UTRECHT - De provincie Utrecht mag voorlopig nog niet starten met het vangen, verdoven, zenderen en paintballen van één specifieke wolf in de omgeving van Leusden. Dat heeft de voorzieningenrechter van de rechtbank Midden-Nederland beslist. De wolf is een strikt beschermde soort, die niet zomaar mag worden gevangen of verstoord. Het college van Gedeputeerde Staten van de provincie Utrecht (GS) hebben op dit moment niet goed genoeg onderbouwd dat het nodig is om in te grijpen met de voorgestelde middelen. Daarom kan ook niet goed worden beoordeeld of er nog andere bevredigende oplossingen zijn.

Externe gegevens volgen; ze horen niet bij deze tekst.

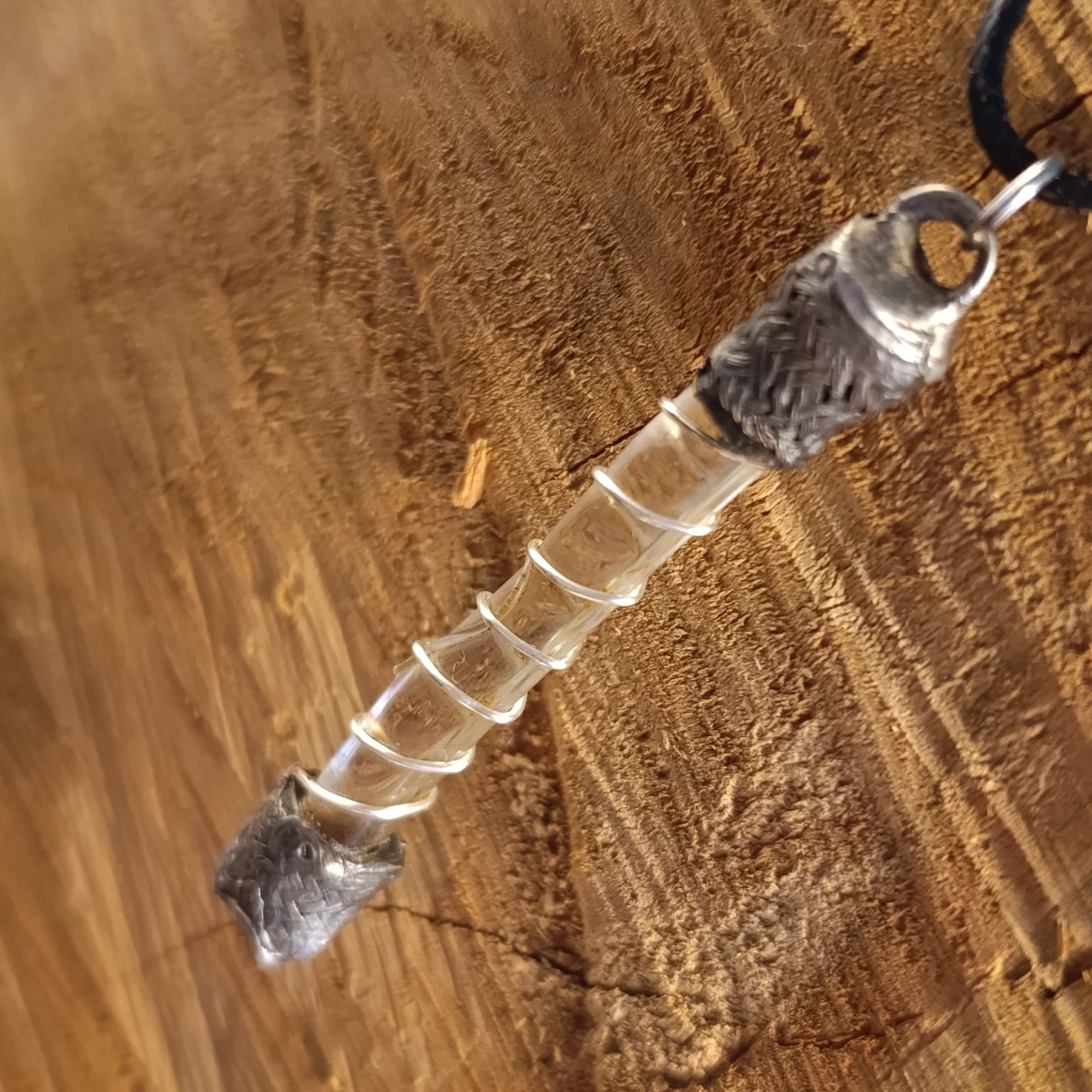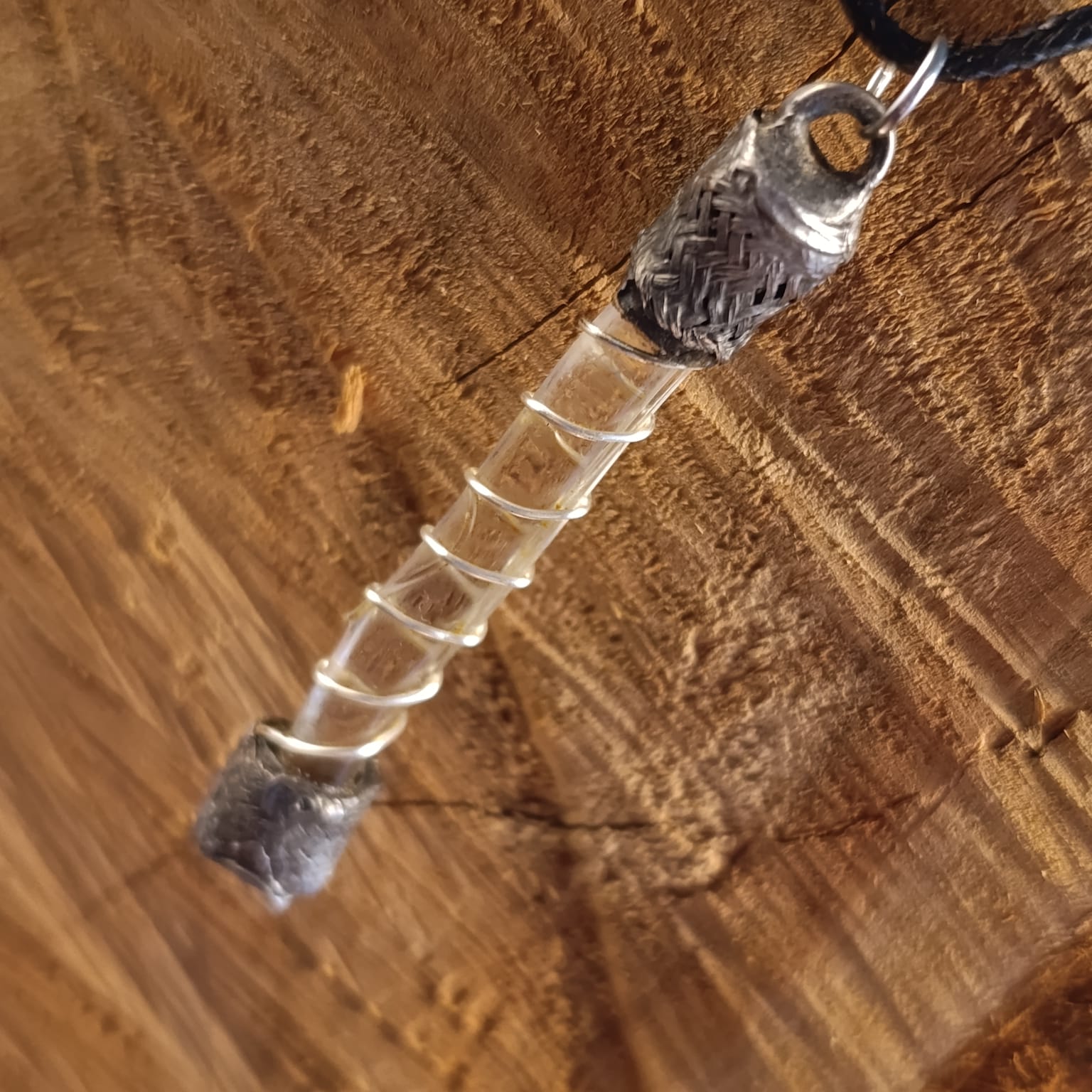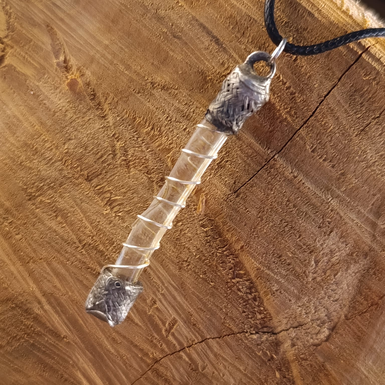 Hravě mu říkám Pojistka. Ve skutečnosti kdysi kapka skla, která unikla roztavení v bývalé skelné huti. Našla si mě v lesích, v pozůstatcích této prastaré sklárny..
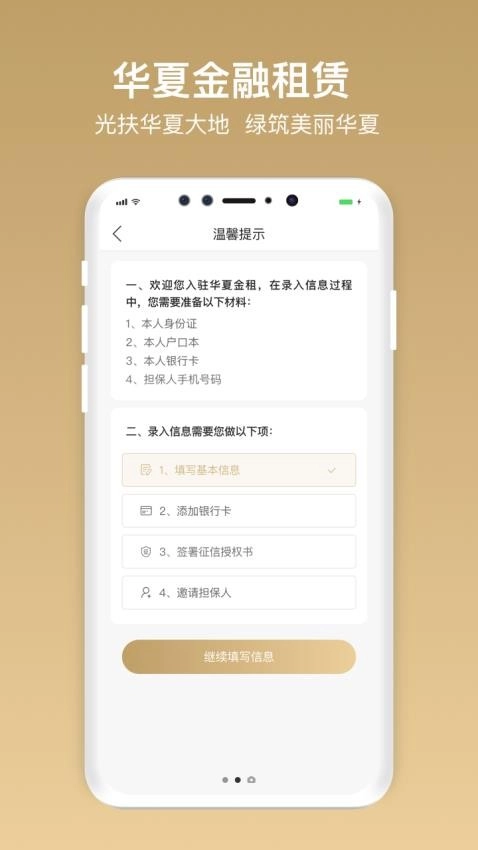 华夏金租是一款专注于融资租赁服务的平台软件,为用户提供优质的金融租赁体验。在这里,用户可以一键查询账户余额,清晰掌握收益状况,全面了解累计收益情况,方便更好地管理本期电费。同时,用户还能实时查看业务列表,详细追踪业务办理进度。平台支持消息管理功能,用户可随时查看公告信息,全面掌握融资审批进度,助力顺利放款。此外,华夏金租新版本新增融资申请担保人邀请功能,用户可随时填写担保人详细信息,轻松完成租赁流程。有需要的用户不妨来本站体验一番!
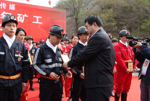 “我們倡議:把不斷學(xué)習(xí)作為一種精神追求,把不斷創(chuàng)新作為一個奮斗目標(biāo),把勤儉節(jié)約作為一種生活習(xí)慣,把安全生產(chǎn)作為一種自覺行為,把關(guān)愛生命作為一種社會責(zé)任……”4月22日,主題為“見證?長城?礦工”的頒牌活動在八達嶺水關(guān)長城舉行,與會領(lǐng)導(dǎo)為獲獎礦工頒獎,獲獎礦工代表宣讀了倡議書。4月23日清晨,百名優(yōu)秀青年礦工在天安門廣場觀看了升旗儀式,并進行了宣誓。隨后,在人民大會堂舉行百名優(yōu)秀青年礦工群雕式新聞發(fā)布儀式?!斑@是光榮與夢想的交響,這是570萬礦工的驕傲”,當(dāng)人民大會堂新聞發(fā)布廳雄渾的音樂響起,燈光漸暗,礦燈齊明,礦工們閃耀亮相。
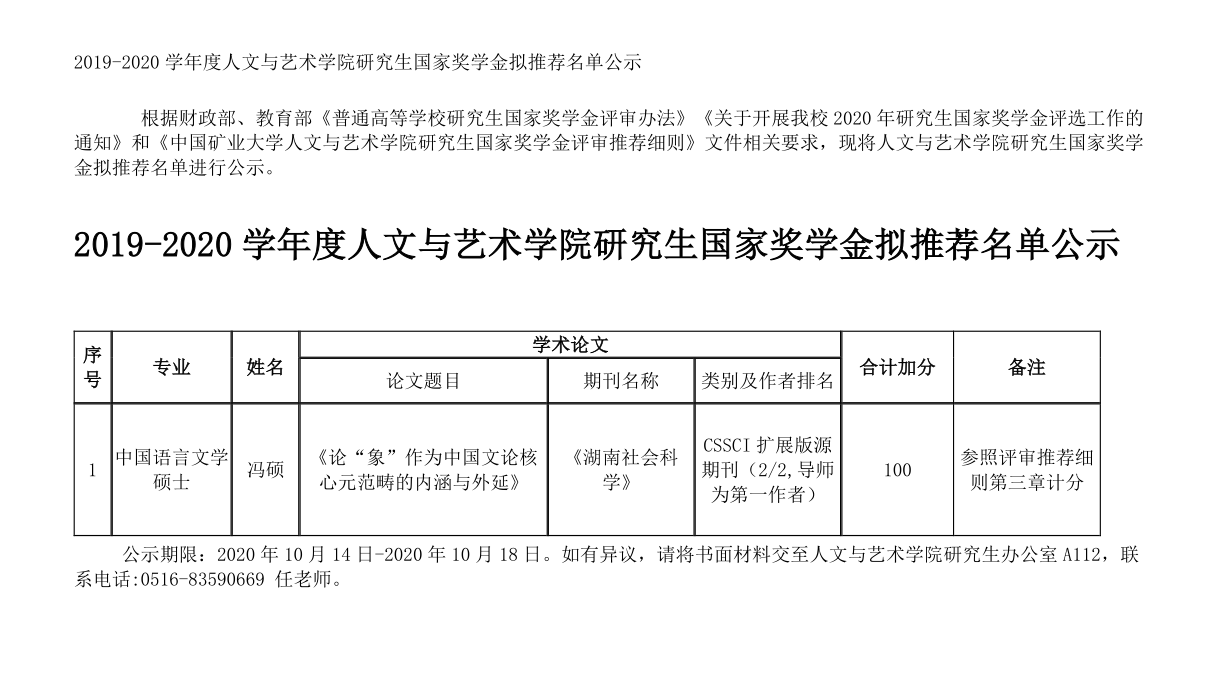 2019-2020学年度必发博彩 研究生国家奖学金拟推荐名单公示
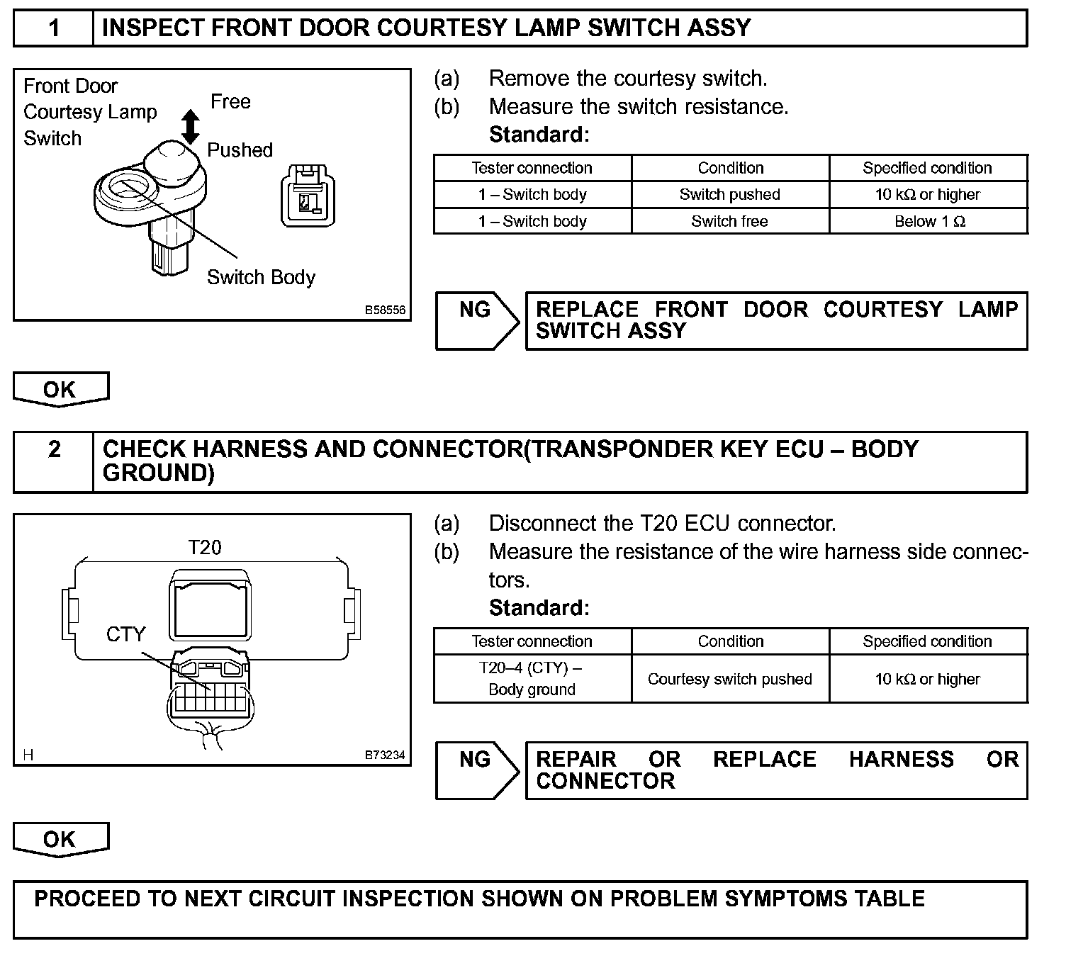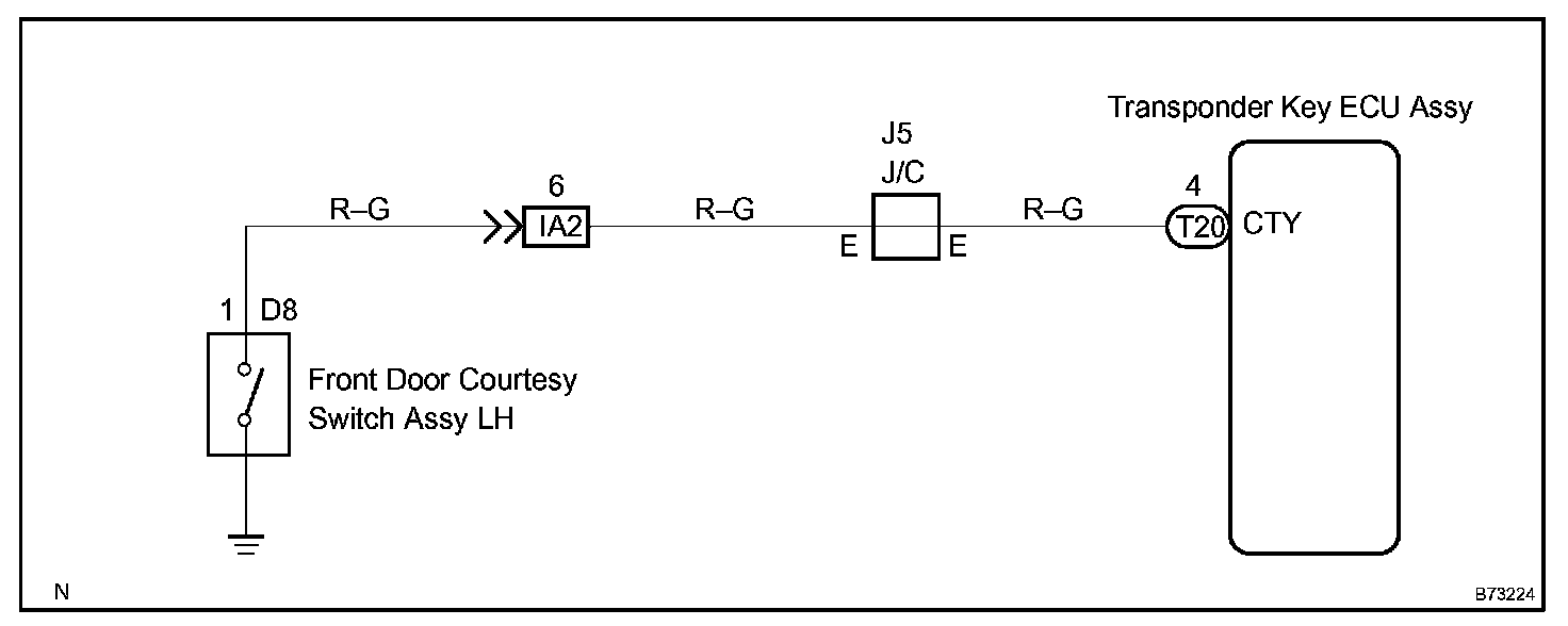 When an additional transponder key is registered, the transponder key ECU detects the door courtesy switch open/close condition, and enters the key registration mode.
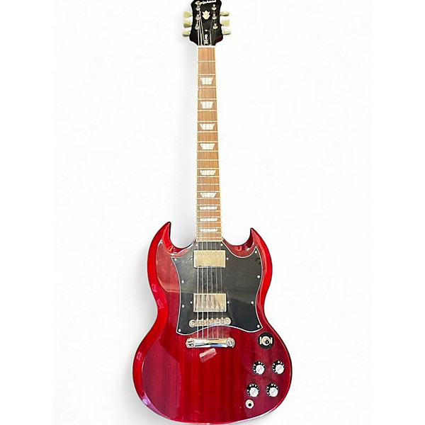Turn up the heat with this Used Epiphone SG Pro in classic Red, a great-condition solid body electric built for punchy rock tones and fast playability. It features a slim, double-cutaway SG-style body for easy upper-fret access, dual humbucking pickups for thick, powerful sound, a 3-way pickup selector, and independent volume and tone controls to shape everything from clean crunch to soaring leads. Perfect for stage or studio.
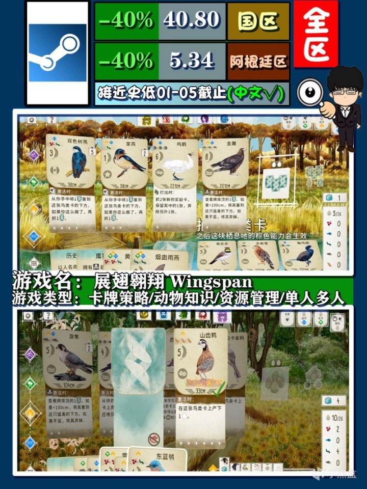 遊戲非常適合平時不接觸卡牌遊戲的新人玩家購買,畫風,音樂,還有中文配音讓玩卡牌的同時能夠很好的享受大自然的動態,鳥類知識的科普是玩完這款遊戲後的最大收穫,另外遊戲上手非常簡單,哪怕從不玩遊戲的純萌新都非常適合
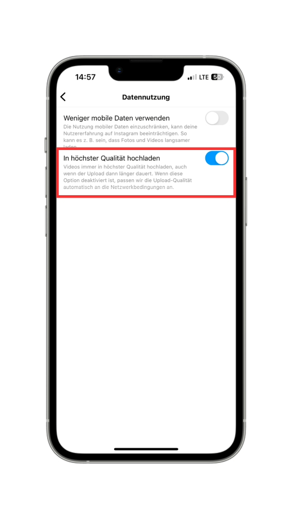 Besonderes Augenmerk legen wir noch einmal speziell auf Instagram: Hier gibt es in den Einstellungen die Möglichkeit, die Qualität von Uploads auf maximal einzustellen.

Vangen, verdoven, zenderen en verstoren

De provincie stelt dat de wolf met genetisch kenmerk GW3237m onnatuurlijk gedrag vertoont. Het dier komt namelijk sinds vorig jaar maart te dicht bij honden en mensen. Door de wolf te vangen, te verdoven en te zenderen wil de provincie de situatie monitoren, analyseren en proberen het onnatuurlijke gedrag om te buigen. Als dat niet genoeg helpt, wil de provincie het dier schuw maken met een paintballgeweer. GS hebben hiervoor een omgevingsvergunning verleend.


Bezwaar

Stichting De Faunabescherming en Stichting Animal Rights maken bij GS bezwaar tegen de omgevingsvergunning. Volgens de stichtingen is geen sprake van afwijkend, maar van natuurlijk gedrag van een beschermde diersoort. Daarnaast stellen zij dat er geen wetenschappelijk onderzoek is dat onderbouwt dat een wolf door middel van de voorgestelde methoden gedrag zou kunnen afleren. Bovendien zijn andere oplossingen niet onderzocht of toegepast. Omdat de provincie al gebruik kan maken van de omgevingsvergunning hebben zij de voorzieningenrechter gevraagd dit voorlopig te verbieden.


Oordeel

De voorzieningenrechter komt in deze spoedprocedure tot de conclusie dat de onderbouwing van de omgevingsvergunning op dit moment tekortschiet. De voorzieningenrechter ziet zeker de zorgen van GS, maar de wolf is een strikt beschermde soort die in principe niet mag worden gevangen en verstoord. GS hebben op dit moment niet goed genoeg uitgelegd dat het vangen en verstoren van de wolf met de voorgestelde middelen noodzakelijk is. GS hebben bijvoorbeeld te weinig inzicht gegeven in de meldingen over de wolf en het is ook onduidelijk hoe deze meldingen zijn beoordeeld door een wolvendeskundige. Daardoor is het niet mogelijk te toetsen of deze wolf daadwerkelijk een gevaar oplevert voor de openbare veiligheid en ook niet of deze wolf met de maatregelen wordt beschermd of juist bedreigd. Op dit moment is ook niet te beoordelen of er nog een andere bevredigende oplossing is. Onder deze omstandigheden wegen de belangen van de stichtingen die opkomen voor de wolf zwaarder dan de belangen van GS en de provincie. Daarom mag tot twee weken na beslissing op het bezwaar niet gestart worden met het vangen en zenderen van de wolf. Mochten GS of de provincie de omgevingsvergunning tóch willen gebruiken tijdens de bezwaarprocedures, dan kunnen zij de voorzieningenrechter goed gemotiveerd vragen de beslissing van vandaag op te heffen of te wijzigen.